Work instruction: Print the records below exactly, omitting all pictures.

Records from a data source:
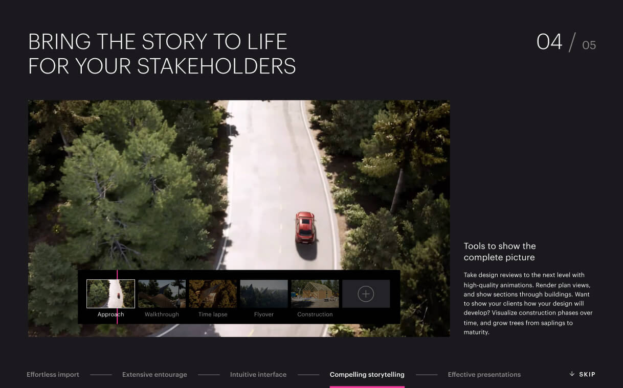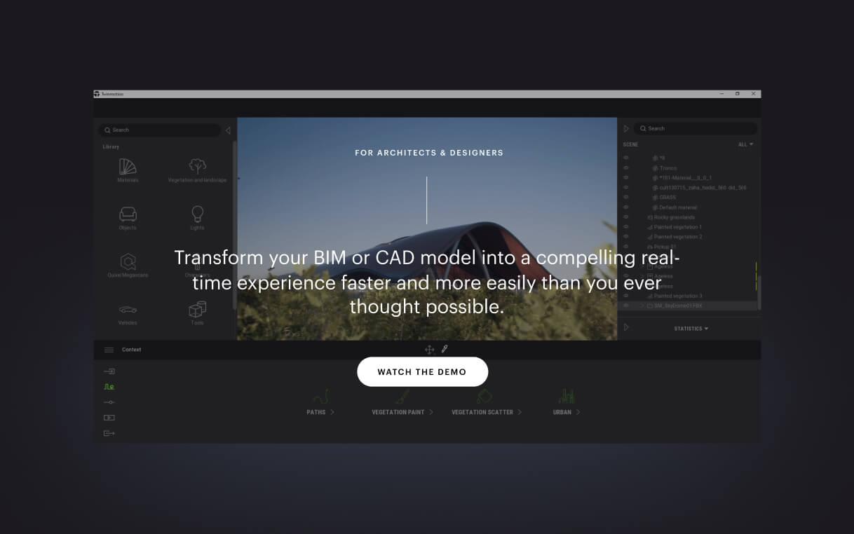 We have expanded the use cases of Twinmotion and prominently showcased them as soon as you enter the experience, demonstrating the tool's new capabilities and applications.
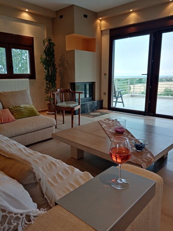 A beautiful, spacy, light rooftop apartment with views of the sea and mountain. 3 minutes from a blue star beach and a 5 star hotel. It has descent furniture, tableware, fast WIFI, TV channels from all over the world, HIFI system, air-conditioning, gas heathing, private parking, three balconies, elevator, intercom and a big walk-in closet. Close to Gerovassiliou (wine house), airport (15min), boat to the city centre in summer (45min). For a small fee we can pick you up from the airport.
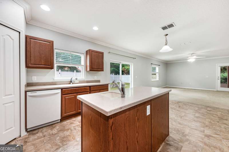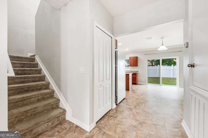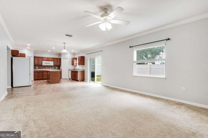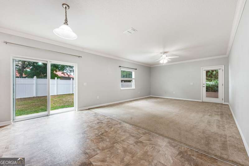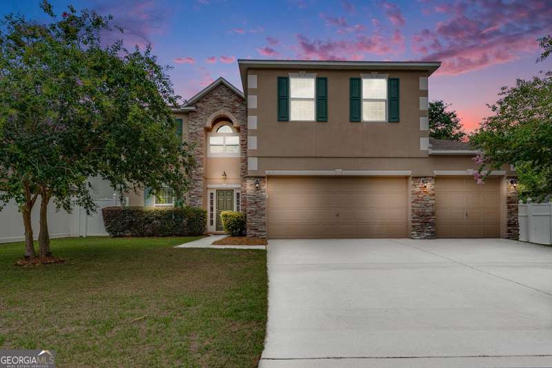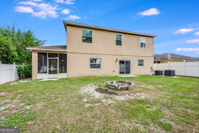 This well-designed two-story home offers 5 bedrooms, 4 full bathrooms, and apx 3,010 square feet of living space. Built with sturdy cinder block construction and finished with a low-maintenance stucco exterior, the home combines function and flexibility across two levels. Upstairs Features: The primary bedroom includes a vaulted ceiling, a large walk-in closet, and a private bathroom with a garden soaking tub, separate shower with built-in bench, water closet, and double vanities. A second upstairs bedroom has its own private bathroom. Two additional bedrooms share a hall bath with a tub/shower combination and double sinks. A loft or den provides additional flexible space. The laundry room is also located upstairs and includes a washer and dryer. Main Floor Features: A two-story foyer opens to a formal dining room or flex space with crown molding. The spacious family room connects to the dining area and kitchen, with access to a screened back porch that includes two ceiling fans. The kitchen offers a center island with a prep sink, a main sink under the window overlooking the fenced backyard, GE Profile appliances including a 5-burner smooth-top cooktop, microwave hood, and double wall ovens. Two pantries and generous cabinet storage provide ample kitchen organization. The downstairs bedroom includes a walk-in closet and private access to a full bathroom, ideal for guests or multigenerational living. Additional Details: Three-car garage with automatic doors. Crown molding in the dining room, kitchen, family room, and downstairs bedroom. Sliding glass doors from the dining area lead to the fenced backyard. Location: Located near I-95 at Exit 1, this home offers convenient access to: Jacksonville International Airport - approximately 30 minutes ,Naval Submarine Base Kings Bay - approximately 14 minutes Fernandina Beach (Main Beach) - approximately 30 minutes, Local shopping and dining, including Chick-fil-A - within 10 minutes
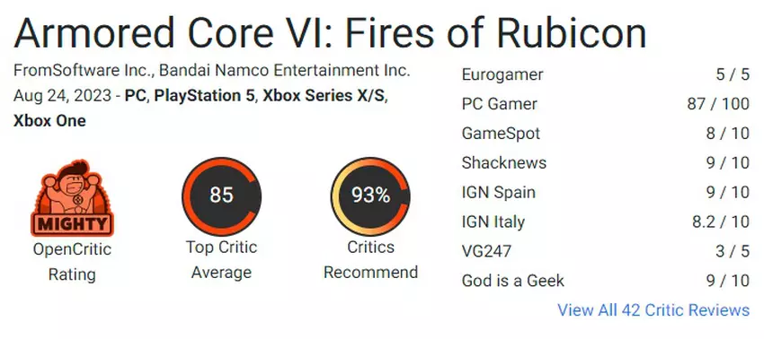 Armored Core VI: Fires of Rubicon actiegame krijgt hoge cijfers van critici. Fans van de franchise zullen blij zijn met FromSoftware's nieuwe game
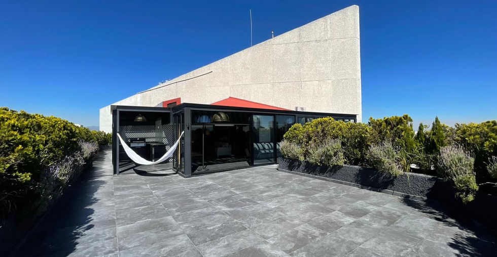500 m2 mas 160 m2 de terraza, 3 recamaras, cuarto de TV, gym, sala, comedor, 2 medios baños, cocina equipada con refrigerador y congelador subzero, 2 hornos, lavavajillas, wine cooler, lavadora, secadora y TVs en todas las habitaciones, cuarto de lavado y cuarto de servicio con baño completo integrado, bodega en el departamento y una bodega en el edificio. La terraza con asador/cocina y sala. 4 estacionamientos.
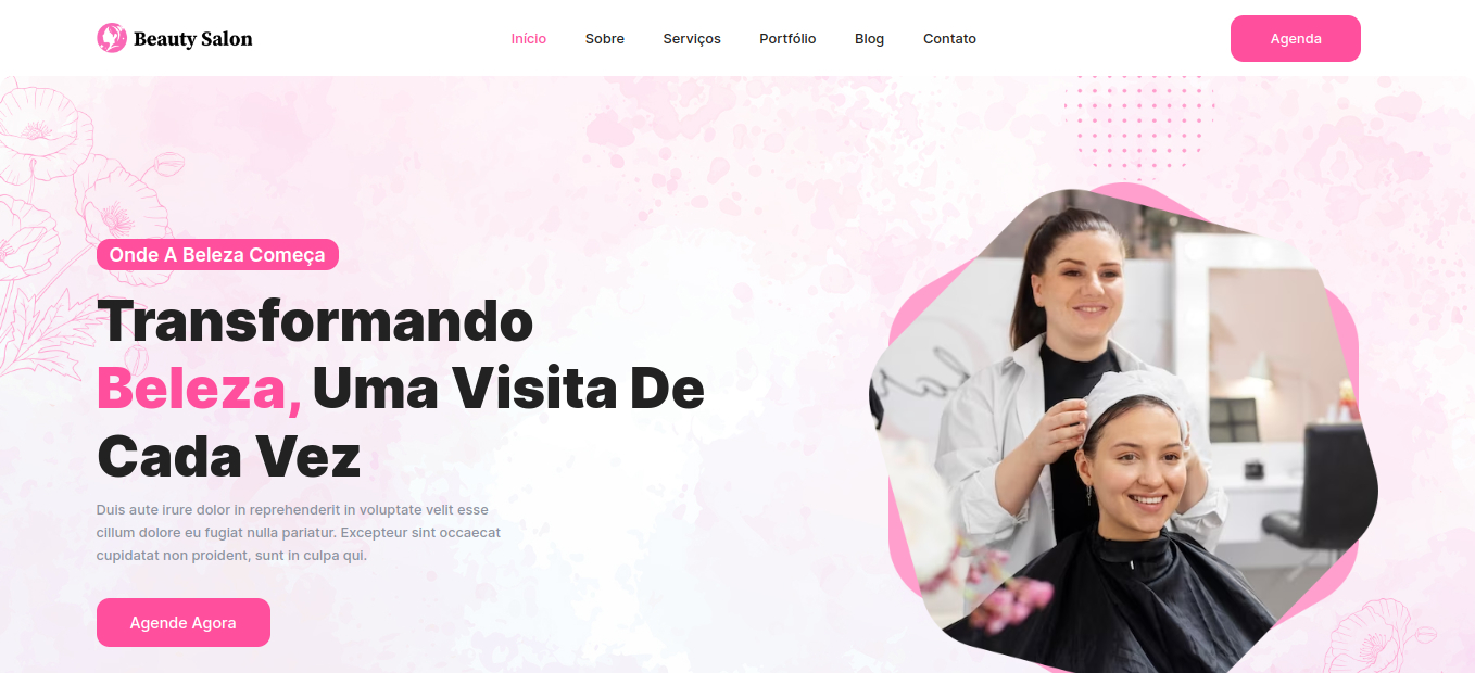 O site "Salão de Beleza" oferece um modelo de site ideal para salões de beleza,
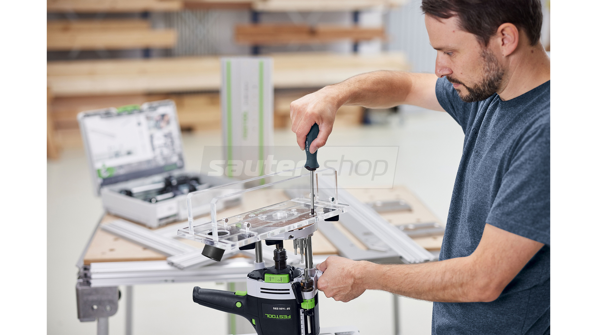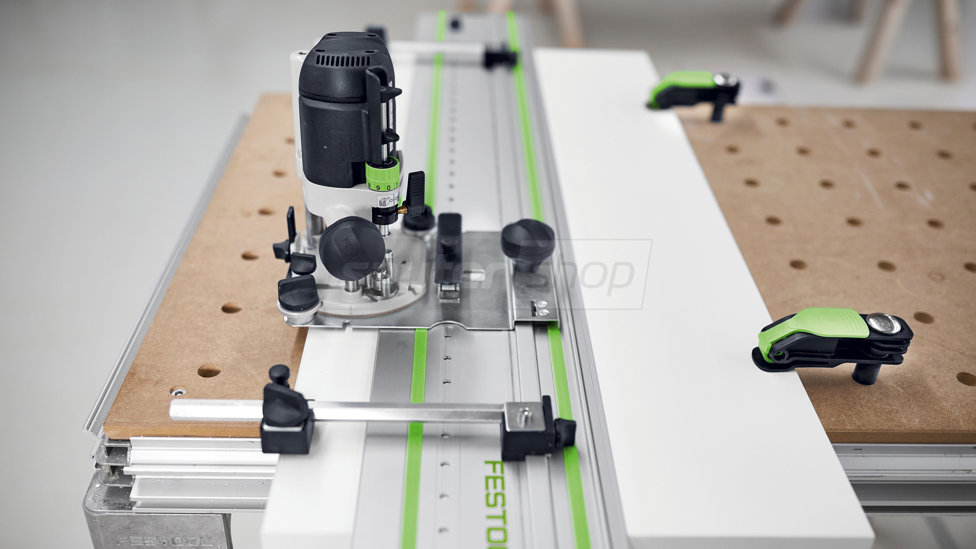 - Die korrekte Führung wird durch die Feineinstellung des Führungsspiels und einen zusätzlichen Handgriff an der Führungsplatte gewährleistet.
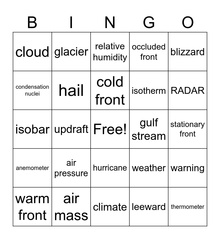 This bingo card has a free space and 24 words: air pressure, air mass, cold front, warm front, blizzard, cloud, condensation nuclei, glacier, gulf stream, hurricane, isotherm, isobar, weather, warning, hail, leeward, stationary front, relative humidity, RADAR, updraft, thermometer, anemometer, occluded front and climate.

Result:
 We have expanded the use cases of Twinmotion and prominently showcased them as soon as you enter the experience, demonstrating the tool's new capabilities and applications.
 A beautiful, spacy, light rooftop apartment with views of the sea and mountain. 3 minutes from a blue star beach and a 5 star hotel. It has descent furniture, tableware, fast WIFI, TV channels from all over the world, HIFI system, air-conditioning, gas heathing, private parking, three balconies, elevator, intercom and a big walk-in closet. Close to Gerovassiliou (wine house), airport (15min), boat to the city centre in summer (45min). For a small fee we can pick you up from the airport.
 This well-designed two-story home offers 5 bedrooms, 4 full bathrooms, and apx 3,010 square feet of living space. Built with sturdy cinder block construction and finished with a low-maintenance stucco exterior, the home combines function and flexibility across two levels. Upstairs Features: The primary bedroom includes a vaulted ceiling, a large walk-in closet, and a private bathroom with a garden soaking tub, separate shower with built-in bench, water closet, and double vanities. A second upstairs bedroom has its own private bathroom. Two additional bedrooms share a hall bath with a tub/shower combination and double sinks. A loft or den provides additional flexible space. The laundry room is also located upstairs and includes a washer and dryer. Main Floor Features: A two-story foyer opens to a formal dining room or flex space with crown molding. The spacious family room connects to the dining area and kitchen, with access to a screened back porch that includes two ceiling fans. The kitchen offers a center island with a prep sink, a main sink under the window overlooking the fenced backyard, GE Profile appliances including a 5-burner smooth-top cooktop, microwave hood, and double wall ovens. Two pantries and generous cabinet storage provide ample kitchen organization. The downstairs bedroom includes a walk-in closet and private access to a full bathroom, ideal for guests or multigenerational living. Additional Details: Three-car garage with automatic doors. Crown molding in the dining room, kitchen, family room, and downstairs bedroom. Sliding glass doors from the dining area lead to the fenced backyard. Location: Located near I-95 at Exit 1, this home offers convenient access to: Jacksonville International Airport - approximately 30 minutes ,Naval Submarine Base Kings Bay - approximately 14 minutes Fernandina Beach (Main Beach) - approximately 30 minutes, Local shopping and dining, including Chick-fil-A - within 10 minutes
 Armored Core VI: Fires of Rubicon actiegame krijgt hoge cijfers van critici. Fans van de franchise zullen blij zijn met FromSoftware's nieuwe game
500 m2 mas 160 m2 de terraza, 3 recamaras, cuarto de TV, gym, sala, comedor, 2 medios baños, cocina equipada con refrigerador y congelador subzero, 2 hornos, lavavajillas, wine cooler, lavadora, secadora y TVs en todas las habitaciones, cuarto de lavado y cuarto de servicio con baño completo integrado, bodega en el departamento y una bodega en el edificio. La terraza con asador/cocina y sala. 4 estacionamientos.
 O site "Salão de Beleza" oferece um modelo de site ideal para salões de beleza,
 - Die korrekte Führung wird durch die Feineinstellung des Führungsspiels und einen zusätzlichen Handgriff an der Führungsplatte gewährleistet.
 This bingo card has a free space and 24 words: air pressure, air mass, cold front, warm front, blizzard, cloud, condensation nuclei, glacier, gulf stream, hurricane, isotherm, isobar, weather, warning, hail, leeward, stationary front, relative humidity, RADAR, updraft, thermometer, anemometer, occluded front and climate.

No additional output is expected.